In West Virginia, 41% of adults have hypertension, and nearly 16% have cardiovascular disease. When looking at the implications for hypertension management and additional disease burden, it ranks among the highest in the nation, signaling a significant opportunity for Valley Health Systems based in West Virginia, to improve health outcomes with a team-based care approach that includes many different players.
Valley Health is one of the largest federally qualified health centers in the U.S., with 40 locations across several counties in southwestern West Virginia and one location in southern Ohio, providing health services to patients from West Virginia, Ohio, and Kentucky.
“We have more opportunity to reduce morbidity and mortality in our patients by addressing hypertension than we do with just about any other clinical condition, risk factor or preventive disease consideration,” said Mathew Weimer, MD, a family physician, vice president of health services and chief medical officer at Valley Health.
That’s why, in 2019, Valley Health started implementing AMA MAP BP™, an evidence-based quality improvement program, providing a clear path to significant, sustained improvements in BP control.

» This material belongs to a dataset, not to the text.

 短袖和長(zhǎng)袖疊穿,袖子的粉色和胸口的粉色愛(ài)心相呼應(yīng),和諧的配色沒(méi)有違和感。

While Valley Health’s BP control rate dropped to 58% early in the pandemic, there was an uptick of nearly 5%, back up to 62.8% this year, said Brett Wellman, a family nurse practitioner and associate vice president of business operations at Valley Health.
“The pandemic has been very difficult for us on our data reporting, but we have—year over year—seen a statistically significant improvement in blood pressure control rates since the pandemic began,” Wellman said.

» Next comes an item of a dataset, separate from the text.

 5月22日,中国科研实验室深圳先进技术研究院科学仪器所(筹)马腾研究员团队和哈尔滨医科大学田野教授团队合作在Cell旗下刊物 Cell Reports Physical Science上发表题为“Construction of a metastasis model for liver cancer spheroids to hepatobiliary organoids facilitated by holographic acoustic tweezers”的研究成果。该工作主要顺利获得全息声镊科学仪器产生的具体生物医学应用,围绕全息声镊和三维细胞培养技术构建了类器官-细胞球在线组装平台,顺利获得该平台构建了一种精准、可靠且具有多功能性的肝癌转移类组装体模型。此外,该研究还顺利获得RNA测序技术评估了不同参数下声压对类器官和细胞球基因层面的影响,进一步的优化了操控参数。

This is due to getting patients back into the office and revisiting evidence-based strategies that lead to improved BP control, such as using calibrated—and validated—automated office blood pressure (AOBP) devices, a standardized BP measurement protocol, auditing to help identify “therapeutic inertia and focusing on effective treatment for uncontrolled hypertension,” Wellman added.
Valley Health uses Azara DRVS, a centralized data reporting and analytics solution which facilitates care transformation, drives quality improvement, aids in cost reduction and simplifies mandated reporting. They are using DRVS to access the AMA MAP Metrics and intend to use the data to track their progress and identify opportunities to improve using the evidence-based interventions associated with AMA MAP BP.
Another aspect of Valley Health’s success has been using a team-based approach for improving blood pressure control.
If “a patient is seeing me as a family doctor and I’m adding a new therapy, they could then be referred to a clinical pharmacist who would follow up with the patient,” said Dr. Weimer. “A lot of this happened during the pandemic such that when patients weren’t as able to come in for in-person appointments, the pharmacist would call them and have them relay their home blood pressure, talk about side effects and symptoms, and make recommendations or at least communicate back to the primary care physician to say they had spoken with a patient.
“Of course, they would document all this in the medical record and would either let the primary care provider know what was going on or maybe even make a recommendation to add a specific class of medications based on what the patient was experiencing,” he added. “That team-based approach is really important and was part of the culture shift that we’ve ushered in with this work over the past few years.”
“We have a pretty robust dental program and our dentists really have embraced the guidelines from the American Dental Association on screening for high blood pressure,” said Wellman, noting they “have really taken an interest in screening patients—particularly adult patients—for hypertension.”
“The majority of our dental sites are co-located with primary care,” he said, crediting “a lot of forward-thinking dental leaders” for progress in this area.
“As of April, we’ve instituted AOBPs in every single dental practice, so we’ve taken it beyond primary care and are able to do the screening,” Wellman said. “And if it’s elevated … they are now using the AOBP to average blood pressures, get a better assessment and then consult and collaborate with either the patient’s outside primary care physician or internally with our primary care teams at the site to make sure the patient is taken care of.”
“When you go to the dentist at Valley Health, you're there to get your teeth cleaned or to get a dental problem fixed, but it is also helpful to weave some focus on hypertension into that workflow,” said Dr. Weimer. “It may be a little unconventional, but it allows us to continue to work on improving hypertension control. While the primary focus of this visit is dental care, it makes sense to also address blood pressure and hypertension in some way.”